- Mehmudpur Location in Punjab, India Mehmudpur Mehmudpur (India)
- Coordinates: 31°09′03″N 75°27′03″E﻿ / ﻿31.1508841°N 75.4508976°E
- Country: India
- State: Punjab
- District: Jalandhar
- Tehsil: Nakodar

Government
- • Type: Panchayat raj
- • Body: Gram panchayat
- Elevation: 240 m (790 ft)

Population (2011)
- • Total: 237
- Sex ratio 128/109 ♂/♀

Languages
- • Official: Punjabi
- Time zone: UTC+5:30 (IST)
- ISO 3166 code: IN-PB
- Vehicle registration: PB- 08
- Website: jalandhar.nic.in

= Mehmudpur, Nakodar =

Mehmudpur is a village in Nakodar in Jalandhar district of Punjab State, India.
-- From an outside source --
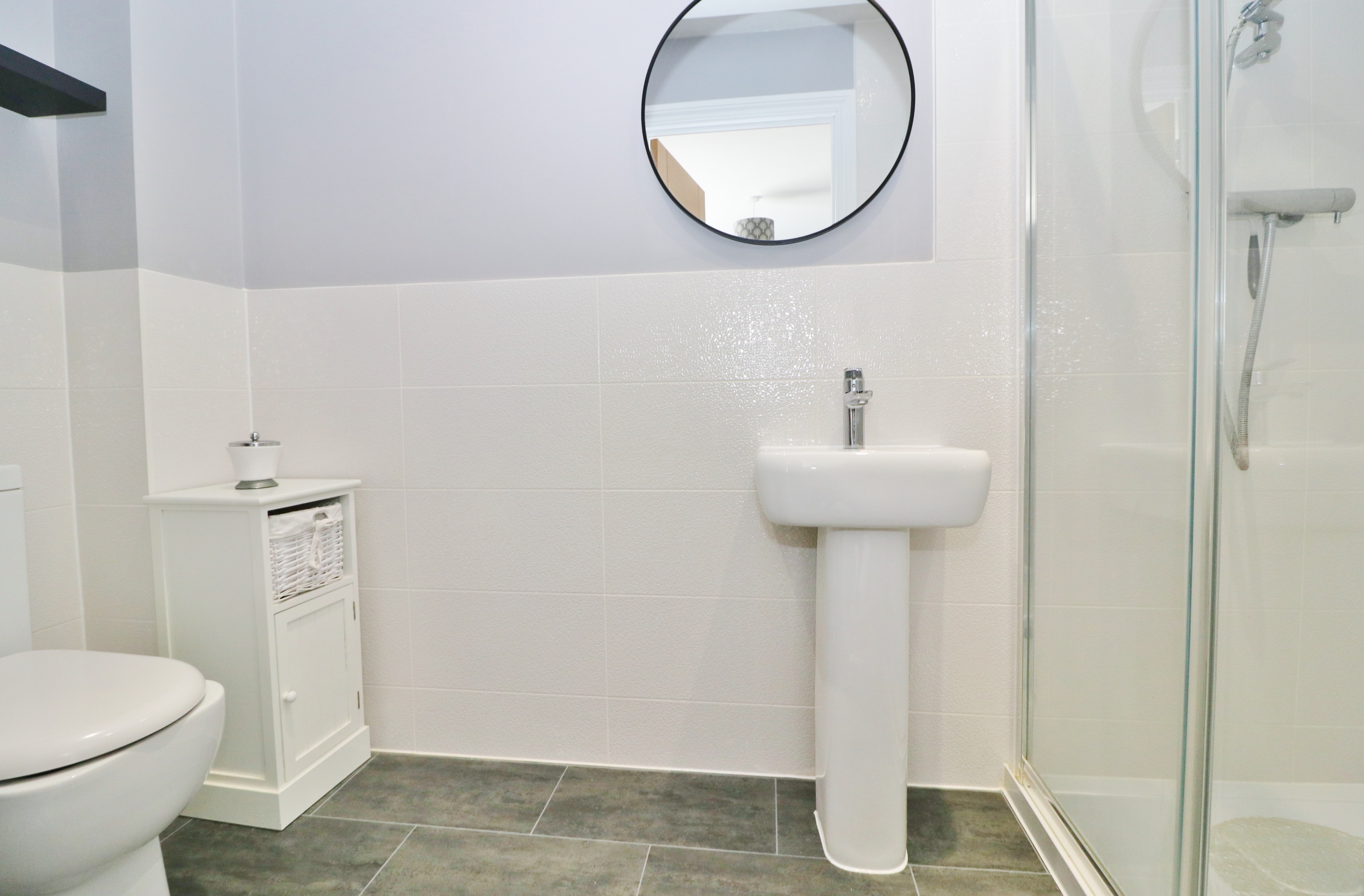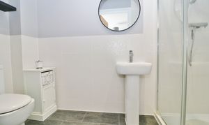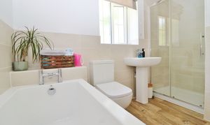 The modern family bathroom has been fitted with a panel enclosed bath, separate shower cubicle, wash hand basin and a window to the rear.
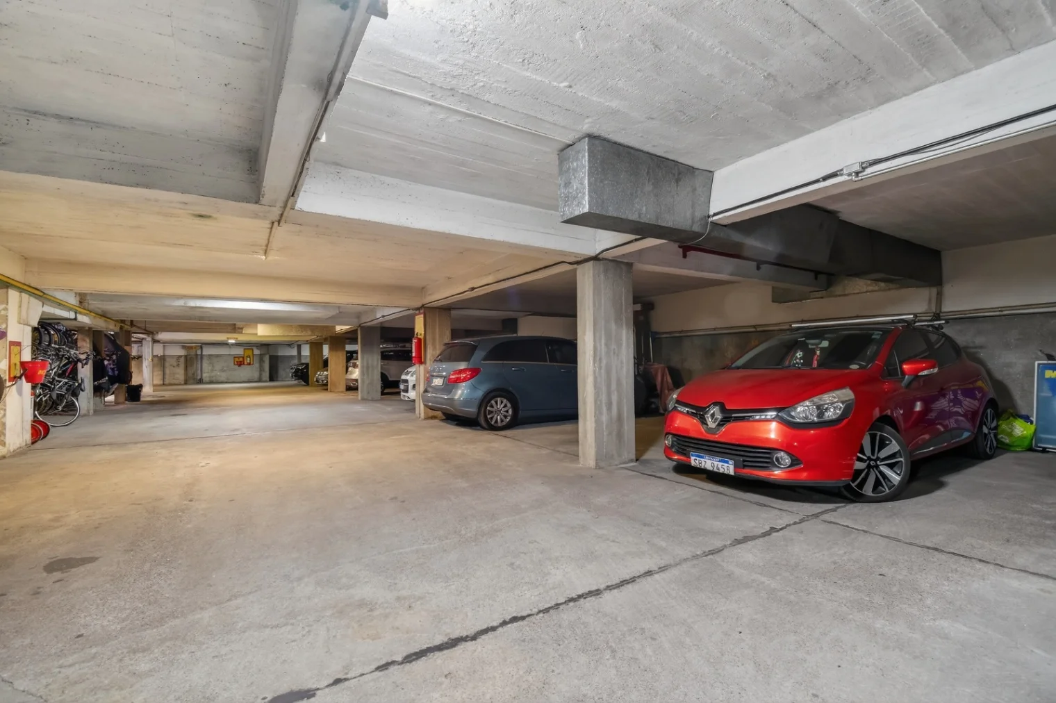La propiedad incluye 2 cocheras techadas (una en el edificio y otra en edificio continuo) — gran diferencial en la zona.

It is located 4.5 km from Nakodar, 32.5 km from Kapurthala, 25.8 km from district headquarter Jalandhar and 159 km from state capital Chandigarh. The village is administrated by a sarpanch who is an elected representative of village as per Panchayati raj (India).

== Transport ==
Nakodar railway station is the nearest train station. The village is 59 km away from domestic airport in Ludhiana and the nearest international airport is located in Chandigarh also Sri Guru Ram Dass Jee International Airport is the second nearest airport which is 113 km away in Amritsar.